**PROBLEM DETAILS:** As output, give the exact lines from the one containing "7 - Escalier ovale. Hôtel Danger" through the end of the listing below, both included, without the pictures.

**INFORMATION GIVEN:**
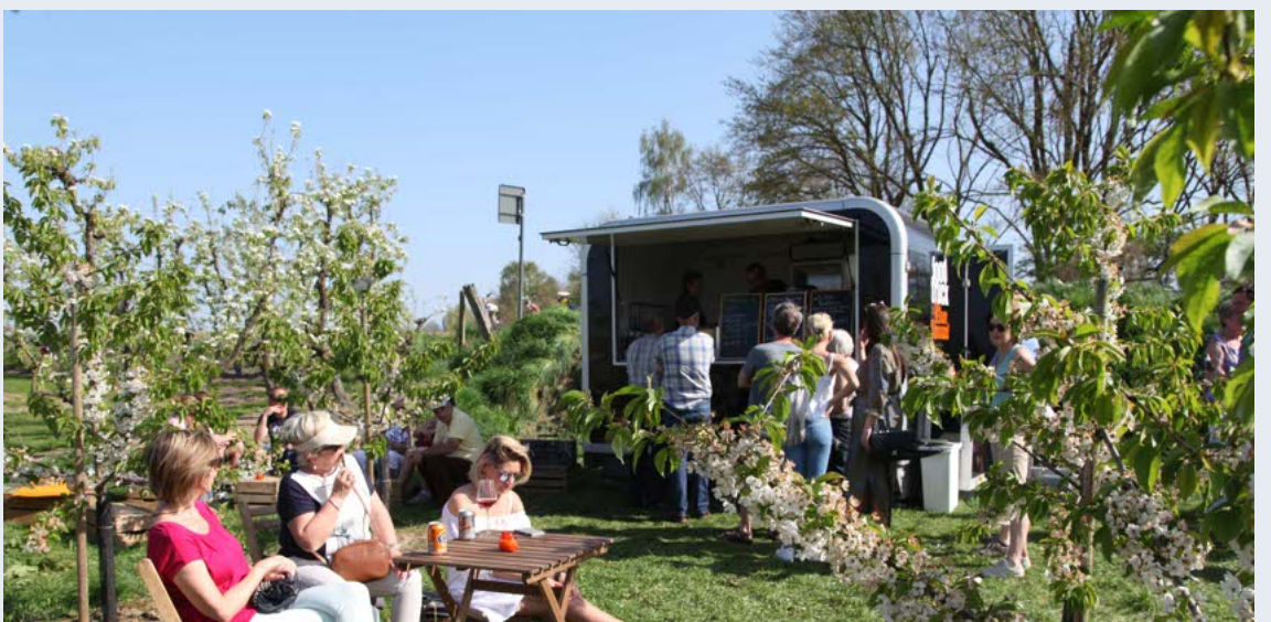
De stad wil met de nieuwe toeristische gids zo veel mogelijk bezoekers naar de streek lokken.

"Zo kan je punten bij krijgen als je een goede rijstijl aanhoudt en punten verliezen als je fouten begaat. Snelheid blijft de belangrijkste uitdaging, maar het heeft toch wel iets extra als je daar een dimensie aan toe kan voegen. Zo zou je de virtuele bril kunnen uitbreiden waarbij je, behalve snelle rondetijden halen, ook moet proberen om iets te vangen."
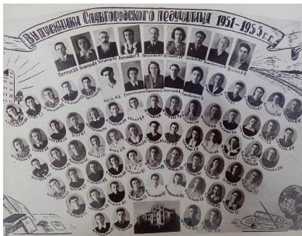
Выпускники Славгородского педагогического училища (1951-1955)
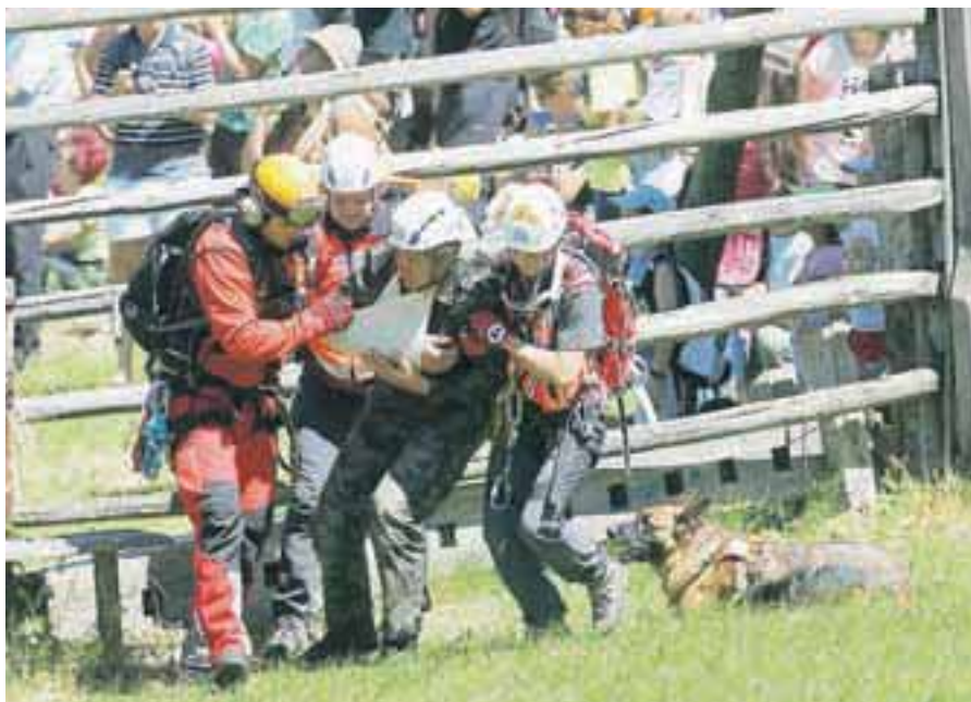
Slovenski gorski reševalci so v Kranjski Gori praznovali stoletnico ustanovitve reševalne službe.
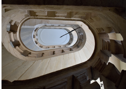
7 - Escalier ovale. Hôtel Danger
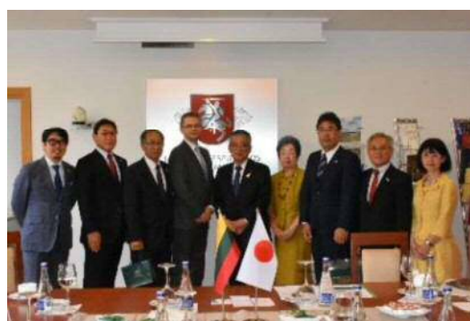
< 農業省副大臣表敬 >

農業省を表敬し、農業副大臣との意見交換の機会をいただいたが、リトアニアは日本と食文化が似ており、日本人にとって味覚が近く、受け入れやすいのではないかということだったが、このことは滞在時の食事からも感じ取ることができた。ジャガイモや豚肉、乳製品はリトアニアの主要食材といわれ、大麦やライ麦なども有名だが、輸出について安くクオリティの高い加工牛肉の輸出を検討しており、最近では冷凍パンを東京ディズニーランドでも扱ってもらっているとのことだった。

**RESULT OF THE EXERCISE:**
7 - Escalier ovale. Hôtel Danger
< 農業省副大臣表敬 >

農業省を表敬し、農業副大臣との意見交換の機会をいただいたが、リトアニアは日本と食文化が似ており、日本人にとって味覚が近く、受け入れやすいのではないかということだったが、このことは滞在時の食事からも感じ取ることができた。ジャガイモや豚肉、乳製品はリトアニアの主要食材といわれ、大麦やライ麦なども有名だが、輸出について安くクオリティの高い加工牛肉の輸出を検討しており、最近では冷凍パンを東京ディズニーランドでも扱ってもらっているとのことだった。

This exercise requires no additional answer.